Different Types of Banks in India

We will now review different types of banks in India.

1. Organized and unorganized banking:

Indian banking system can broadly be classified into two categories:

(i) Organized banking and
(ii) Unorganized banking.

That part of Indian banking system which does not fall under the control of our central bank (i.e. Reserve Bank of India) is called as unorganized banking. For example, Indigenous banks. Whereas, organized banking system refers to that part of the Indian banking system which is under the influence and control of the Reserve Bank of India. For example. Commercial Banks, Industrial Banks, Agricultural Banks.

2. Scheduled and Nonscheduled banks:

Under the Reserve Bank of India Act, 1939, banks were classified as scheduled banks and non-scheduled banks.. The scheduled banks are those which are entered in the second schedule of RBI Act, 1939. Scheduled banks are those banks and which have a paid-up capital and reserves of the aggregate value of not less than Rs 5 lakhs and which satisfy RBI.
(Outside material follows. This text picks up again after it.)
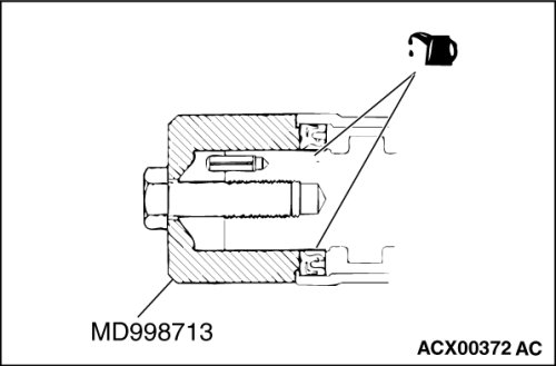 2. Use special tool MD998713 to press-fit the camshaft oil seal.

All Commercial Banks, Regional Rural Banks, State Cooperative Banks are scheduled banks. On the other hand, non-schedule banks are those banks whose total paid up capital is less than Rs 5 lakh and RBI has no specific control over these banks. These banks are not included in the second schedule of RBI Act, 1934.

3. Commercial banks:

Commercial banks are the most important types of banks. The term ‘commercial’ carries the significance that banking is a business like any other business. In other words, commercial banks are essentially profit-making institutions.

They collect deposits from the public and lend money to business firms (manufacturers), traders, farmers and consumers. Commercial banks normally meet the working capital needs of trade and industry and are a part of the money market.

The current account deposits of commercial banks are used as a medium of exchange, i.e., for making transactions. Deposits of other banks are not so used. These are specialized institutions which give loans to specific sectors of the economy. Here we are mainly concerned with commercial banks. So we generally use the term ‘banks’ to refer to commercial banks.

4. Development banks:

Development banks are parts of a country’s capital market. In India, they are called public financial institutions. They are specialized financial institutions which supply long-term finance to large and medium industries. They also perform various promotional functions for accelerating the rate of capital formation in the country.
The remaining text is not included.